> Requirement
Once the pictures are removed, restate the listing word for word.

> Recorded information
· · · ·

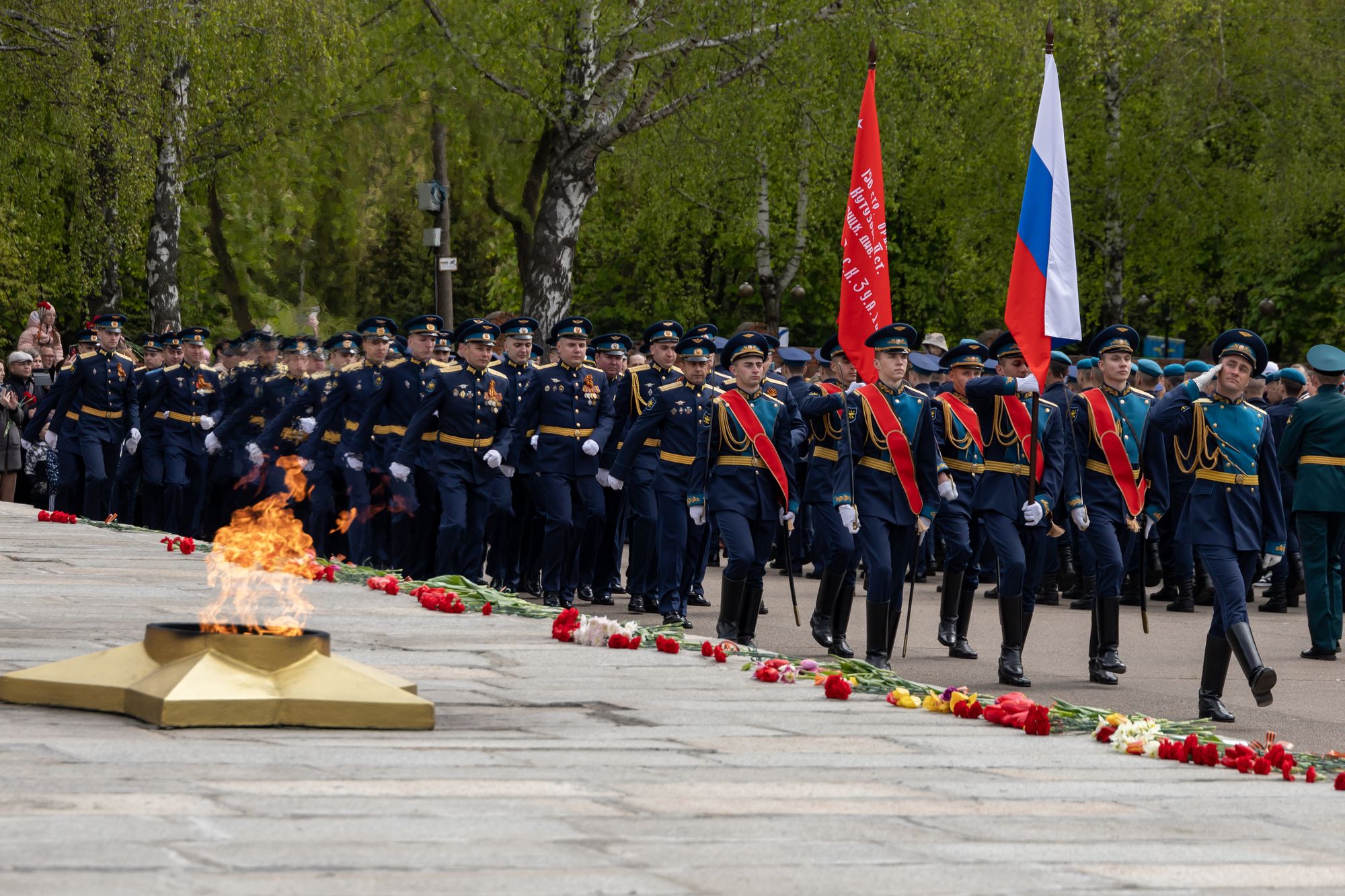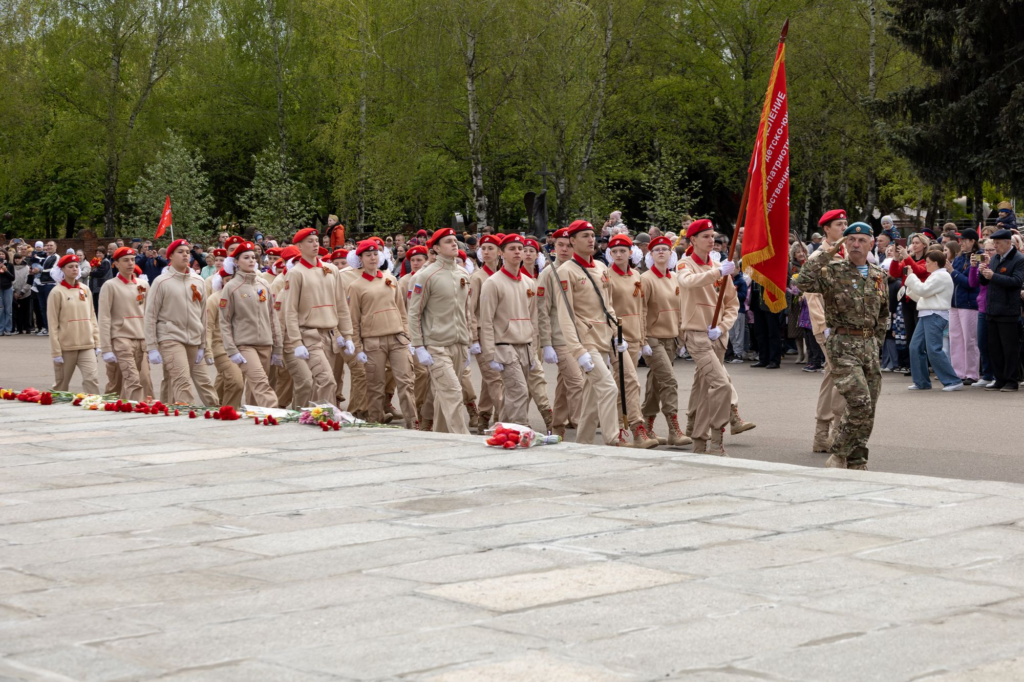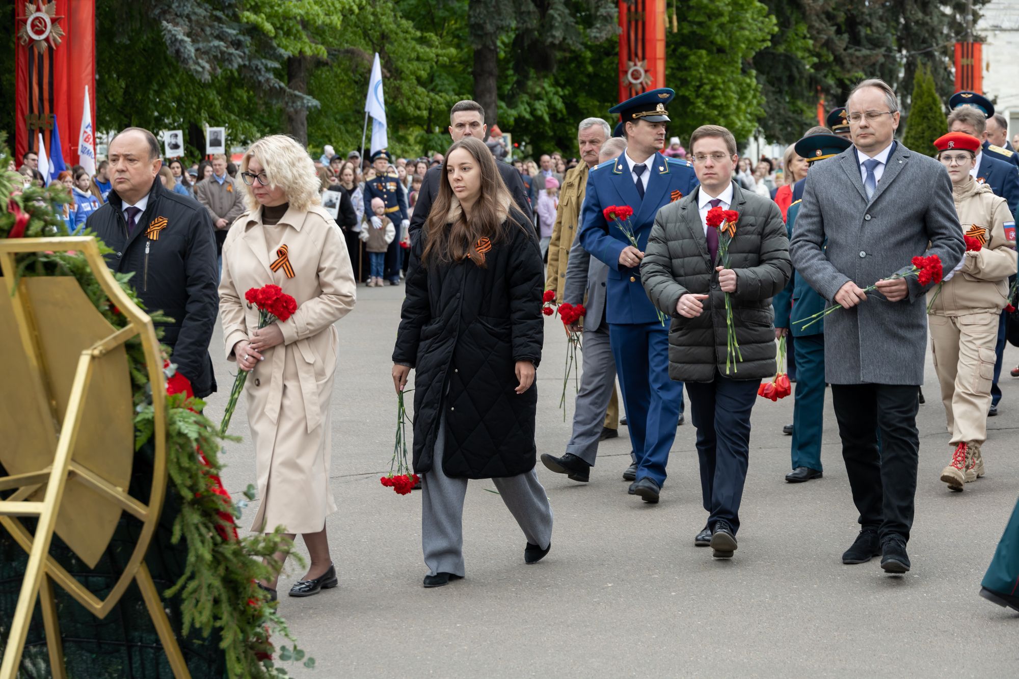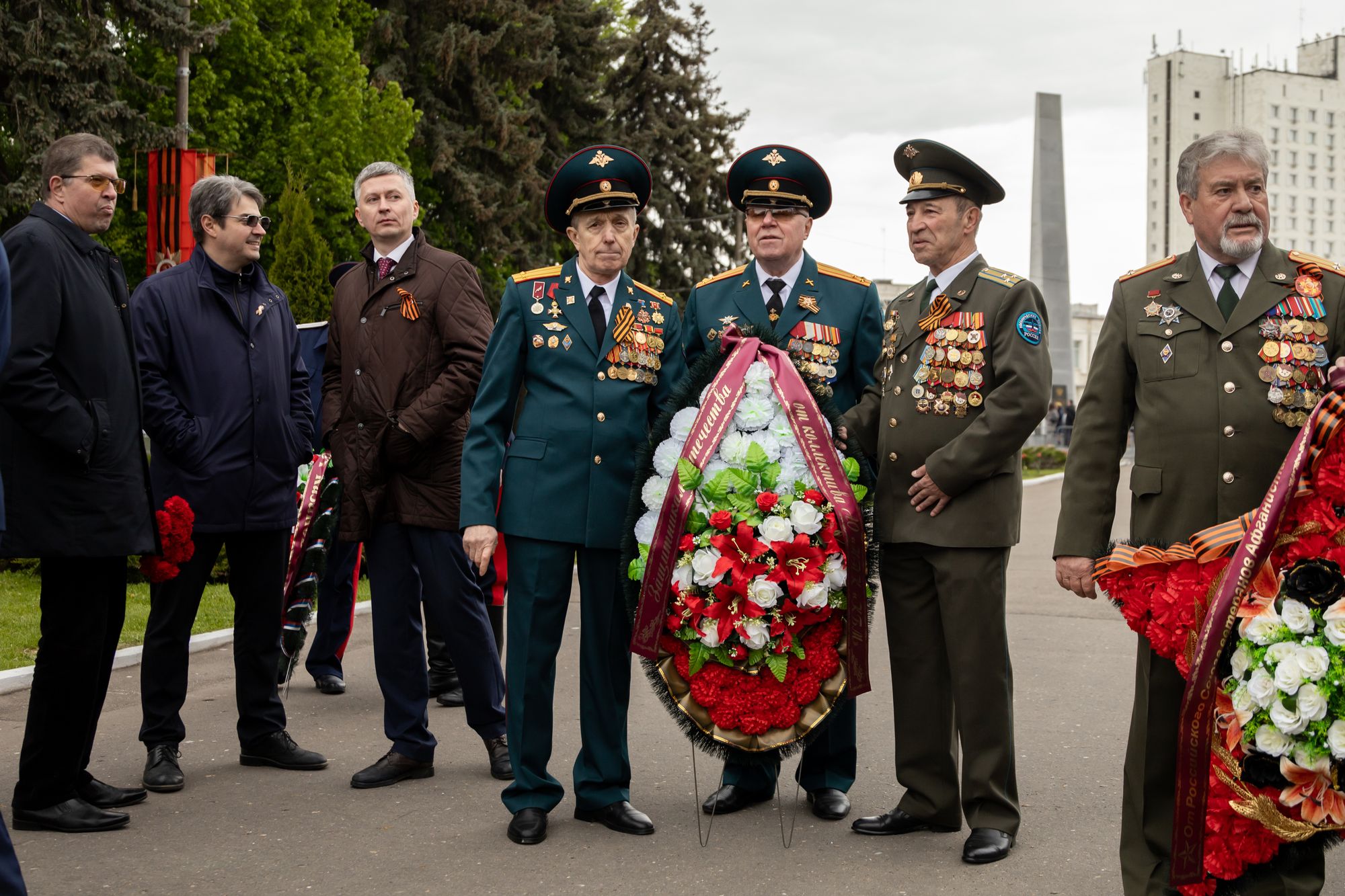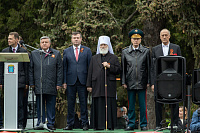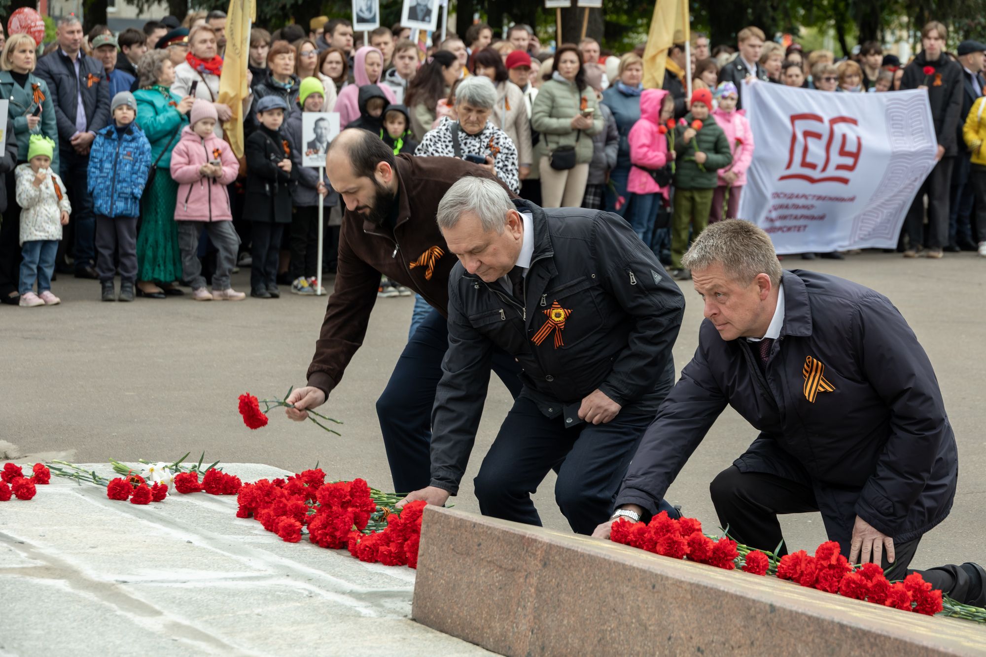 Все собравшиеся минутой молчания почтили память всех, кто отдал свои жизни за Родину, после чего состоялась церемония возложения венков и цветов к памятнику Победы.
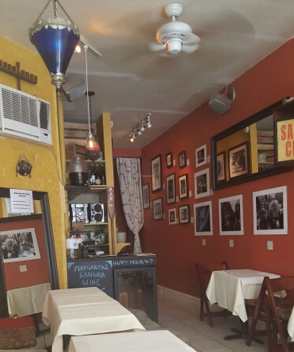 We chose a selection of tapas: eggplant rollatini, grilled nama gori, tempeh, seaside nori bits, black olive seitan and the special brussels sprouts. They were quite interesting. The nama gori has a distinct texture from having been frozen (and which we've unintentionally replicate when we cook and then freeze).The nori bits and seitan were especially good. Overall, the food was highly salted and many items had a lot of oil. Desserts for us were the ample specials apple blueberry crisp and a maple cheesecake. The room was pleasant.
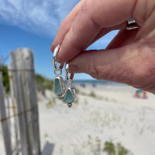 Sea Foam Green Sea Glass Dangle Teardrop Earrings
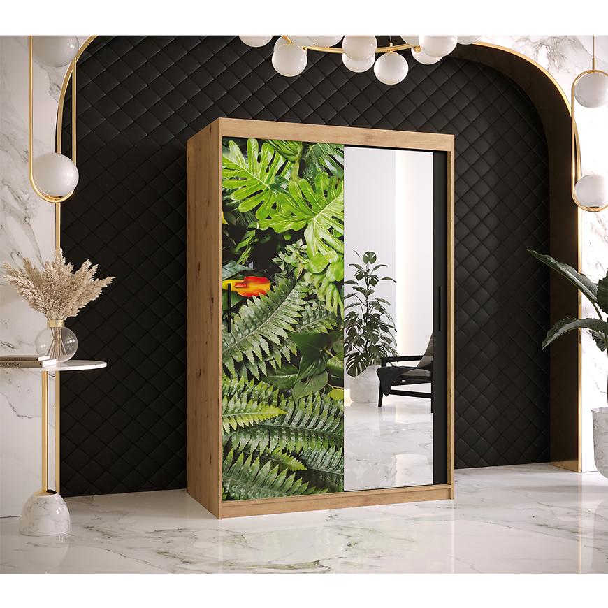 Matowe wykończenie szafy Kinszasa nadaje jej eleganckiego i stonowanego charakteru, jednocześnie chroniąc powierzchnię przed zarysowaniami. Konstrukcja frontów i korpusu oparta jest na solidnej płycie wiórowej laminowanej o grubości 16 mm, co zapewnia trwałość i estetyczny wygląd. Unikalny wzór roślinny, nie będący jedynie naklejką, nadaje szafie Kinszasa ekologiczny i naturalny wygląd, sprawiając, że staje się ona nie tylko meblem, ale również designerskim elementem dekoracyjnym.

· · · ·

> Exercise output
 Все собравшиеся минутой молчания почтили память всех, кто отдал свои жизни за Родину, после чего состоялась церемония возложения венков и цветов к памятнику Победы.
 We chose a selection of tapas: eggplant rollatini, grilled nama gori, tempeh, seaside nori bits, black olive seitan and the special brussels sprouts. They were quite interesting. The nama gori has a distinct texture from having been frozen (and which we've unintentionally replicate when we cook and then freeze).The nori bits and seitan were especially good. Overall, the food was highly salted and many items had a lot of oil. Desserts for us were the ample specials apple blueberry crisp and a maple cheesecake. The room was pleasant.
 Sea Foam Green Sea Glass Dangle Teardrop Earrings
 Matowe wykończenie szafy Kinszasa nadaje jej eleganckiego i stonowanego charakteru, jednocześnie chroniąc powierzchnię przed zarysowaniami. Konstrukcja frontów i korpusu oparta jest na solidnej płycie wiórowej laminowanej o grubości 16 mm, co zapewnia trwałość i estetyczny wygląd. Unikalny wzór roślinny, nie będący jedynie naklejką, nadaje szafie Kinszasa ekologiczny i naturalny wygląd, sprawiając, że staje się ona nie tylko meblem, ale również designerskim elementem dekoracyjnym.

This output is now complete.